DISPATCHES FROM EXOTIC LANDS
We sent journalist Ben Groundwater to Peru to hike the longer, more beautiful, more luxurious, and far quieter, Salkantay Trail to Machu Picchu. This is his story……
Machu Picchu’s Salkantay Trail
The road less travelled
The condors overhead look minuscule, these huge birds rendered as tiny dots by distance. They glide in and out of the clouds, circling, searching for food, making serene progress past mountains clipped with snow. It seems like another world up there, ghostly and forbidding, but that’s when the realisation hits: I’ll be up that high soon. I’ll be hiking in those clouds; I’ll be trekking those mountains. Soon.

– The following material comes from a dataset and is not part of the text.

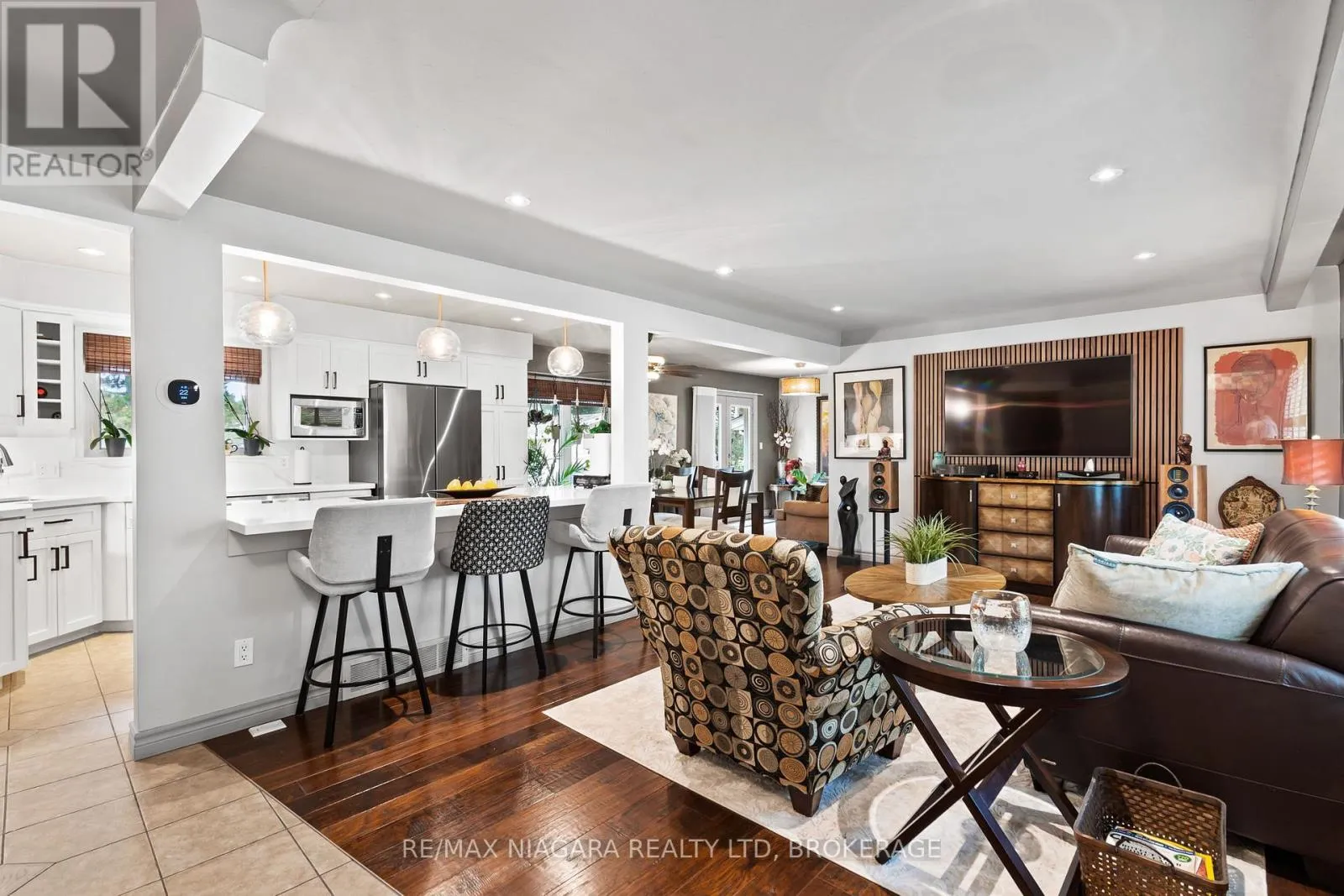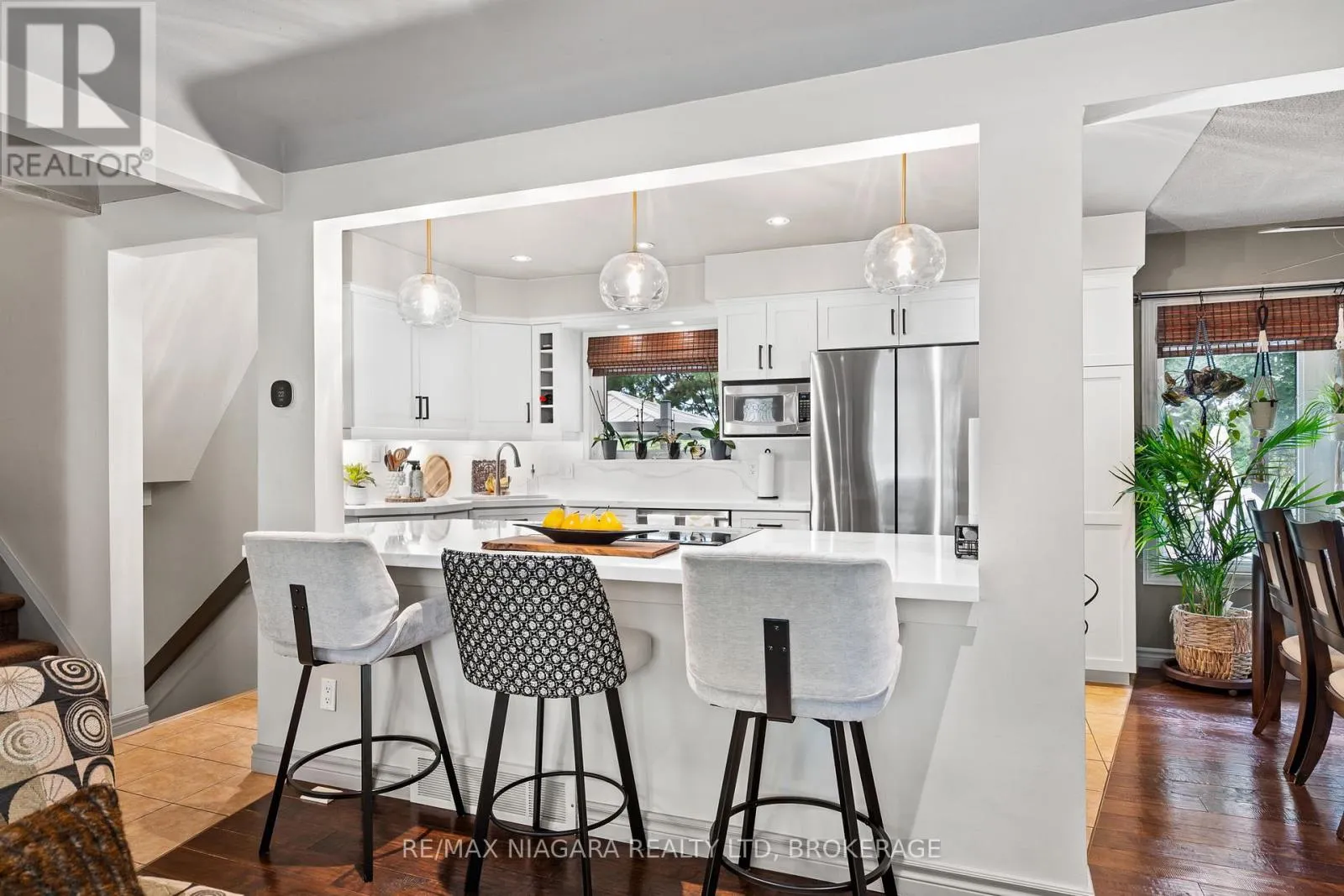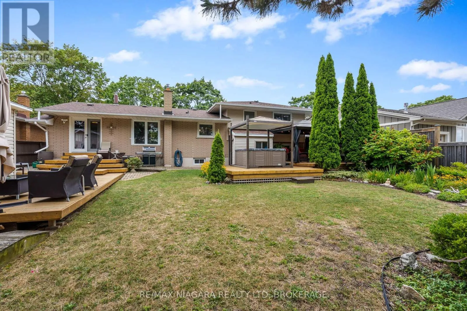 Cross Streets: Bunting Rd. to Lockview. ** Directions: SCOTT ST TO ST.LAWRENCE TO LOCKVIEW. Welcome to 44 Lockview Crescent Canal-Side Living in a Beautifully Updated Home. Discover this charming 3+1 bedroom, 1.5 bathroom home perfectly situated with stunning views of the Welland Canal. This property blends modern updates with a warm, inviting feel ideal for families, professionals, or anyone seeking a home in a sought-after neighbourhood.Step inside and be greeted by a bright open-concept main floor, where the living room flows seamlessly into the dining space and updated kitchen. The kitchen is a chef's delight, featuring crisp white cabinetry, quartz countertops & backsplash(2024), stainless steel appliances, and a spacious peninsula with seating perfect for everyday meals or entertaining. A few steps down a home office, play room or teenager hangout awaits with gas stove. The upper level offers three comfortable bedrooms and a full 3pc bathroom. In contrast, the lower level provides additional living space, including a cozy rec room with fireplace, bonus bedroom, ideal for guests or extended family and 2pc bath. Convenient walk up to the backyard/hot tub from the lower level. Basement offers laundry and tons of storage space. Enjoy a backyard retreat complete with hot tub, gazebo, and mature landscaping, new decks (2024), a true oasis for relaxing or hosting. Step out front and take in the scenic canal views, where you can watch ships pass by and enjoy peaceful walks along the water. Other highlights include a private double driveway, landscaped front yard, and move-in-ready finishes throughout. Shingles, new front door and Phantom screen door in 2018. Central vac. Located in a quiet, family-friendly neighbourhood close to schools, parks, shopping, and major routes, this home offers both lifestyle and convenience. (id:27476)

It’s the beginning of the Salkantay Trail, a six-day trek through the high Andes in Peru, and the scale of it is difficult to comprehend. Right now we’re just past the town of Mollepata, the last slice of civilisation proper we’ll see before we eventually stroll into a train station near the ruins of Machu Picchu in almost a week’s time. By then we’ll have gasped for air on mountain passes that sit higher than those condors circling above us now; we’ll have sloshed through cold rivers, enjoyed stunning scenery, been caught in a hail storm, swum in a glacial lake, made an offering to the mountain gods, and spent five nights recovering from it all in the most improbably luxurious lodges set in the most improbably rugged, amazing locations.
For now, however, the condors just represent a challenge, a dream. They’re up there four or five thousand metres above sea level – soon our band of 12 hikers will be too.
This is not the way most people get to Machu Picchu, that famous Incan mountain city. There are two well-known options: take the train from Cusco to the town of Aguas Calientes and then ride a bus up to the ruins; or hike the Inca Trail, a three-day trek that makes an appearance on many a bucket list. The Salkantay, however, is a different approach altogether.
This path approaches Machu Picchu from the opposite side to the Inca Trail, but it’s longer, more challenging, more beautiful, more luxurious, and far quieter. There’s not a soul about as we lace up our boots at the trailhead, lashing supplies to a couple of horses before setting out onwards and upwards.
This is officially known as Mountain Lodges of Peru’s “Lodge to Lodge” trek, and that’s a key difference between this experience and the backpacker-style camping of the Inca Trail. Where those hikers will be bundling up below a thin synthetic roof each night, we’ll be dining on three-course meals, drinking cocktails in hot-tubs and deciding whether it’s worth indulging in another massage. The days are long and sometimes hard – the nights are warm and comfortable.